**What to produce:**
Print the data that follows exactly as it stands, from its first line through the line containing "La hotte télescopique", and stop there.

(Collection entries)

* * * * * * *

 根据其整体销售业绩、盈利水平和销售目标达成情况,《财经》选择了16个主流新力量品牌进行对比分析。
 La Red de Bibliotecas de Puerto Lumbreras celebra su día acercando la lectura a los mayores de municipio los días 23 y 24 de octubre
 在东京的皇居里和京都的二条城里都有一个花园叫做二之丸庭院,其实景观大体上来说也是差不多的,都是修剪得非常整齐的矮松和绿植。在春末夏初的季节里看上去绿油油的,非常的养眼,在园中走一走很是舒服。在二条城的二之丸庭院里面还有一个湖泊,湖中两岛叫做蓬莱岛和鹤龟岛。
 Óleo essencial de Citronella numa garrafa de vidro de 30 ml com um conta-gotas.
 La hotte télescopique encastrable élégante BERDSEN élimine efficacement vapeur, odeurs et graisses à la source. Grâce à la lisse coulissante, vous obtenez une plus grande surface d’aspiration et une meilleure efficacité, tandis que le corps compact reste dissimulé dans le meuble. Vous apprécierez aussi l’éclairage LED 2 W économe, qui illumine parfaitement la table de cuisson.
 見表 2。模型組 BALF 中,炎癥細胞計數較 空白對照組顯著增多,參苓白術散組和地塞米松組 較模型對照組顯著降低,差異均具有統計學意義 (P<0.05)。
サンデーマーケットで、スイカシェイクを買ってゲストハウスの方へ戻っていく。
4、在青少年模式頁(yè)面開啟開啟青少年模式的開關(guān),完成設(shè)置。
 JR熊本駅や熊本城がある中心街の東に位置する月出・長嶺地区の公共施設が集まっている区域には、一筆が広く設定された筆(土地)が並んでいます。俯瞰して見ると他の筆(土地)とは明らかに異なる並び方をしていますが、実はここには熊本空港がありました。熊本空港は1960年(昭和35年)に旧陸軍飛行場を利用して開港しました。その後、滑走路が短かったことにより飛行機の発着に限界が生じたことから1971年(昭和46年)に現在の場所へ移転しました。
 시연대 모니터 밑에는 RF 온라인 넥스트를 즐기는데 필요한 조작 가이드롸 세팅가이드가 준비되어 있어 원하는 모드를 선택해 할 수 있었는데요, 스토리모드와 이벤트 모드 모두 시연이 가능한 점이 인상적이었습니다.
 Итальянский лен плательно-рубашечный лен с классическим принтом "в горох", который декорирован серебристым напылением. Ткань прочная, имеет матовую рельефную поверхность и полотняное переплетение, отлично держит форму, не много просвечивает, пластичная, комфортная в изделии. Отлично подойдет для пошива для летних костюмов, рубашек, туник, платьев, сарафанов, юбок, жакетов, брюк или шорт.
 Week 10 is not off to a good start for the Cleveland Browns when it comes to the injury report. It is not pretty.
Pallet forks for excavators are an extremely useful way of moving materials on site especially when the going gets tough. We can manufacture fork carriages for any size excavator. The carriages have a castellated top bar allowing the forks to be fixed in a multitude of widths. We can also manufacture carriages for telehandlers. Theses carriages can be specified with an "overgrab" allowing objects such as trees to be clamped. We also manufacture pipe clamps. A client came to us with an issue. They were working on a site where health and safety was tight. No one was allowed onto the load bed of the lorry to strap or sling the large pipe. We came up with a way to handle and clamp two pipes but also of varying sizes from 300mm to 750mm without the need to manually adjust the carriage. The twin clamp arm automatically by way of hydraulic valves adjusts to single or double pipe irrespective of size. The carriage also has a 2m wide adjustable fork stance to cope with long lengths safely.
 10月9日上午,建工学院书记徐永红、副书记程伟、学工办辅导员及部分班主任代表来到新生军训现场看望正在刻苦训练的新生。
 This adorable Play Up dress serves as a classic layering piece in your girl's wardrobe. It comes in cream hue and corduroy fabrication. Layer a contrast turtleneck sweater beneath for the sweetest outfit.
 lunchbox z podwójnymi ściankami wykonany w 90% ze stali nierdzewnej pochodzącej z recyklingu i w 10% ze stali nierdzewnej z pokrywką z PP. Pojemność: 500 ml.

* * * * * * *

**Finished exercise:**
 根据其整体销售业绩、盈利水平和销售目标达成情况,《财经》选择了16个主流新力量品牌进行对比分析。
 La Red de Bibliotecas de Puerto Lumbreras celebra su día acercando la lectura a los mayores de municipio los días 23 y 24 de octubre
 在东京的皇居里和京都的二条城里都有一个花园叫做二之丸庭院,其实景观大体上来说也是差不多的,都是修剪得非常整齐的矮松和绿植。在春末夏初的季节里看上去绿油油的,非常的养眼,在园中走一走很是舒服。在二条城的二之丸庭院里面还有一个湖泊,湖中两岛叫做蓬莱岛和鹤龟岛。
 Óleo essencial de Citronella numa garrafa de vidro de 30 ml com um conta-gotas.
 La hotte télescopique encastrable élégante BERDSEN élimine efficacement vapeur, odeurs et graisses à la source. Grâce à la lisse coulissante, vous obtenez une plus grande surface d’aspiration et une meilleure efficacité, tandis que le corps compact reste dissimulé dans le meuble. Vous apprécierez aussi l’éclairage LED 2 W économe, qui illumine parfaitement la table de cuisson.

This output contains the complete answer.